Top 5 hours for Ask Posts Comments
15:00: 38.59 average number of comments per Ask HN post
02:00: 23.81 average number of comments per Ask HN post
20:00: 21.52 average number of comments per Ask HN post
16:00: 16.80 average number of comments per Ask HN post
21:00: 16.01 average number of comments per Ask HN post


Convert from Pacific Time Zone to London, UK time

In [25]:
print("Top 5 hours for Ask Posts Comments")
for row in sorted_swap[:5]:
    hour_str = str(row[1])
    hour_dt = dt.datetime.strptime(hour_str, "%H")
    hour_dt += dt.timedelta(hours=8)
    time = hour_dt.strftime("%H:%M")
    
    print('{}: {:.2f} average number of comments per Ask HN post'.format(time, row[0]))

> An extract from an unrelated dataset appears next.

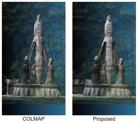 We evaluate the applicability of the proposed method by performing 3D reconstruction from multi-view images taken outdoors using an ordinary camera. The dataset consists of 35 RGB images of “Shore to Shore”, which is a 14-foot bronze-cast sculpture located in Vancouver’s Stanley Park, Canada, taken by the authors in June 2023. Figure 9 shows examples of images used in this experiment. It is a difficult situation to apply multi-view stereo and NeRF to since not only the sculpture but also dynamic objects such as tourists are in the image. Figure 10 shows the results of 3D reconstruction from multi-view images using COLMAP and the proposed method. COLMAP reconstructs the details of the sculpture, while there are many outliers on the object’s surface and at the object boundaries. The proposed method reconstructs the sculpture with high accuracy due to there being few outliers on the object’s surface. From the above, the proposed method can refine the depth maps estimated by COLMAP in real-world environments.
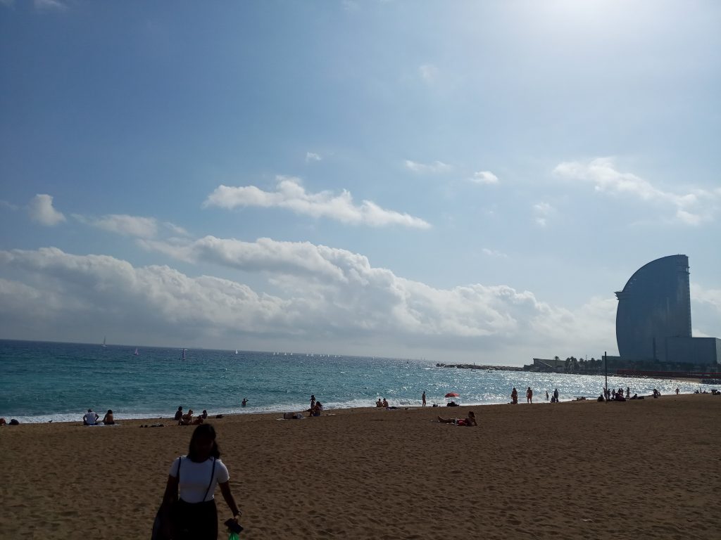 Playa con el hotel W Barcelona, es un edificio que alcanza una altura de 98,8 m. Fue diseñado por el arquitecto español Ricardo Bofill, este edificio se enmarca dentro de la ampliación de la zona sur del puerto de Barcelona.

Top 5 hours for Ask Posts Comments
23:00: 38.59 average number of comments per Ask HN post
10:00: 23.81 average number of comments per Ask HN post
04:00: 21.52 average number of comments per Ask HN post
00:00: 16.80 average number of comments per Ask HN post
05:00: 16.01 average number of comments per Ask HN post


In the UK 11pm could be the best time to upload an Ask HN post to receive the most comments.